A glossary page is not the deepest page in the library, but it is one of the most useful support pages because it reduces repeated definition clutter across the whole MAC cluster.

This page should stay lean and lookup-focused. It works best as a support reference for quick confirmation of meaning while reading deeper procedure or decoder pages.

Page type Supportive reference and quick lookup page
Main use Confirm terms, identifiers, timers, and abbreviations quickly
Best use Students and readers moving between MAC pages
Design rule Keep entries short and precise

What belongs in the MAC glossary

The scope to expect.

The glossary should hold high-frequency support items: abbreviations, identifiers, timers, and common notational shortcuts that appear repeatedly across the MAC library.

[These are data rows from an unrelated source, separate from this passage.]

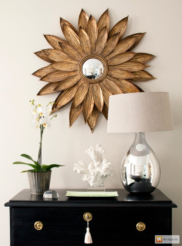- Bronze rimmed mirror. Such a present will be delighted by any fashionista. In this case, you can hand as a wall mirror, and desktop.
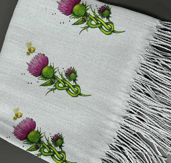 Cashmere Feel Luxury Scarf Handprinted with Celtic Thistles
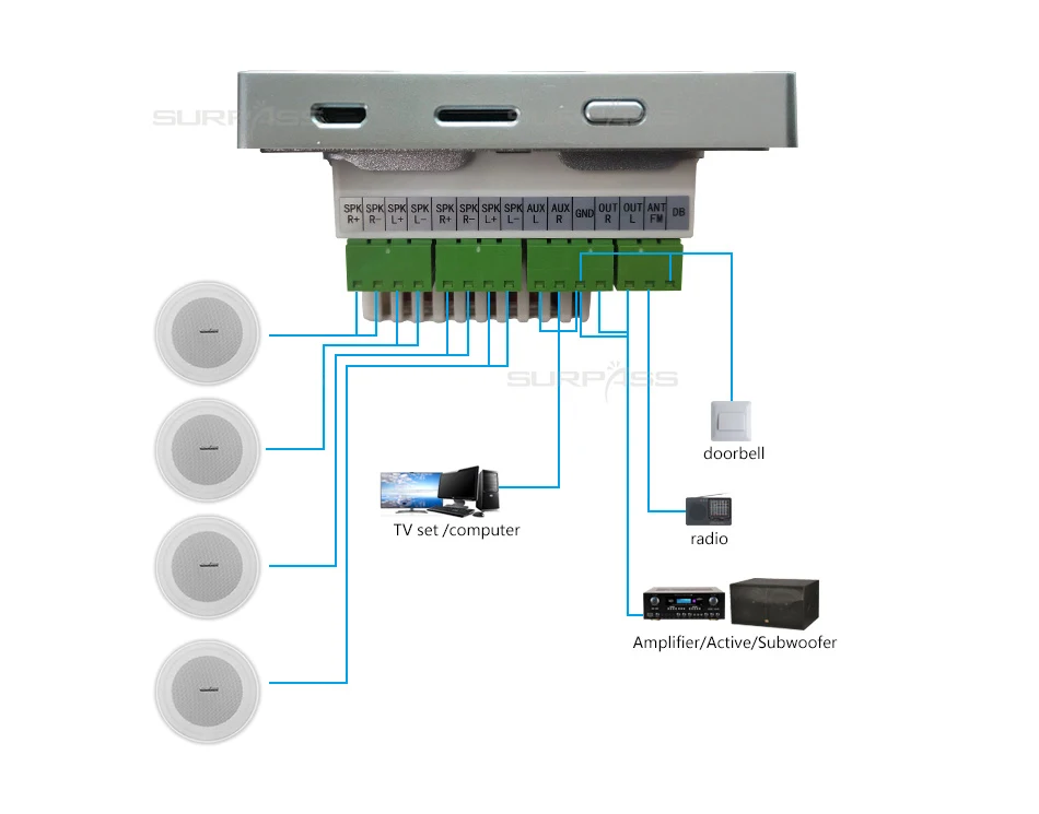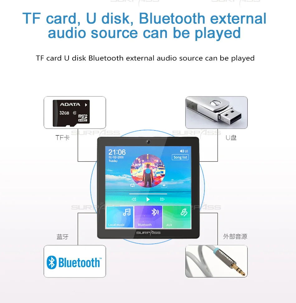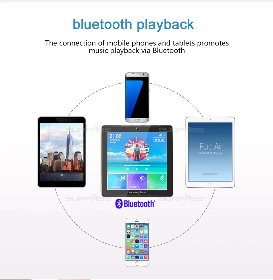3. One way Bluetooth, the bluetooth of this device can only be connected to mobile phones/tablets and other bluetooth devices who's Bluetooth function is two way to play and control the music, CAN NOT be connected to the bluetooth ceiling speakers or TV(one way bluetooth) by bluetooth directly.
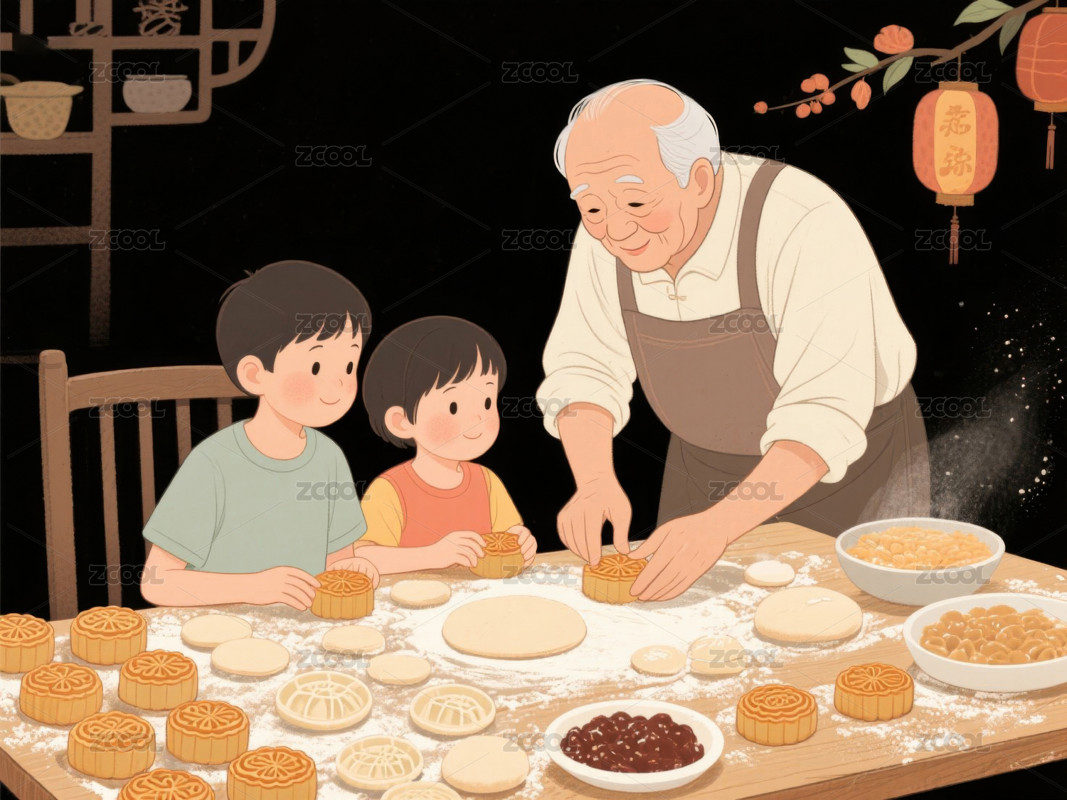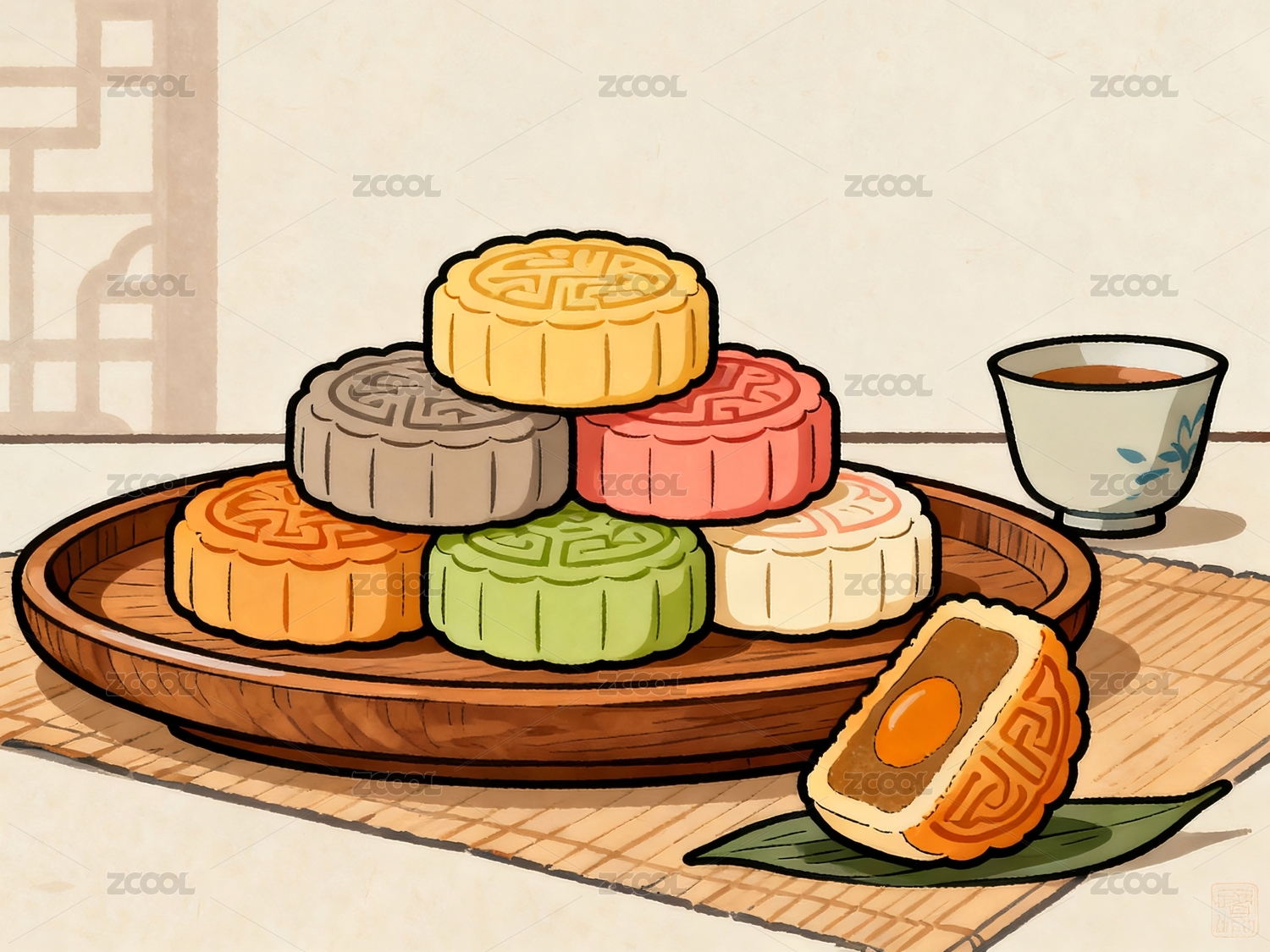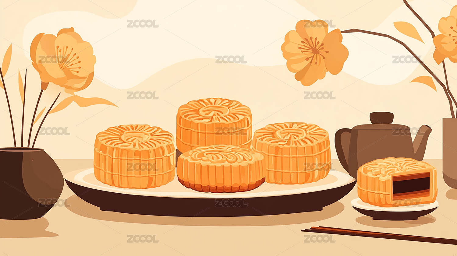 DXCZ202404,月饼,传统美食,包馅,扁平插画

It should not turn into a substitute for the real concept pages. If a term needs procedure-level explanation, the glossary should point outward instead.

Recommended entry families

The best categories to organize first.

Entry familyExamples of what belongs here
AbbreviationsSR, BSR, PHR, DRX, HARQ, TA
Identifiers and termsLCID-related terms, channel-group terminology, access terms
Timers and state languageTerms commonly used in DRX or procedure explanations
Variable-style notationShort names and symbols that appear in standards-aware explanations

Useful starter entries for the glossary

The first lookup items that add immediate value.

TermShort meaningBest follow-up page
SRRequest for uplink opportunityScheduling Request
BSRBacklog report for uplink data waiting at MACBSR
PHRReport showing available uplink power marginPHR
TATiming alignment adjustment for usable uplink transmissionTiming advance
LCIDIdentifier used when parsing MAC PDU contentPDU and subheader format
HARQRetransmission control loop at the MAC and PHY boundaryHARQ

Glossary design rules

How to keep the page useful.

  • Keep definitions short and precise
  • Link outward when a term needs a full explanation
  • Avoid duplicating complete procedure text
  • Use the page as support, not as the main learning path

FAQ

Why does the MAC section need a glossary page?

Because repeated definitions across many pages create clutter. A glossary gives readers one support page for fast lookup.

Should deep procedure explanations live in the glossary?

No. The glossary should stay short and point to the deeper pages when needed.

Who benefits most from the glossary?

Students and readers moving quickly between overview, procedure, and decoder pages.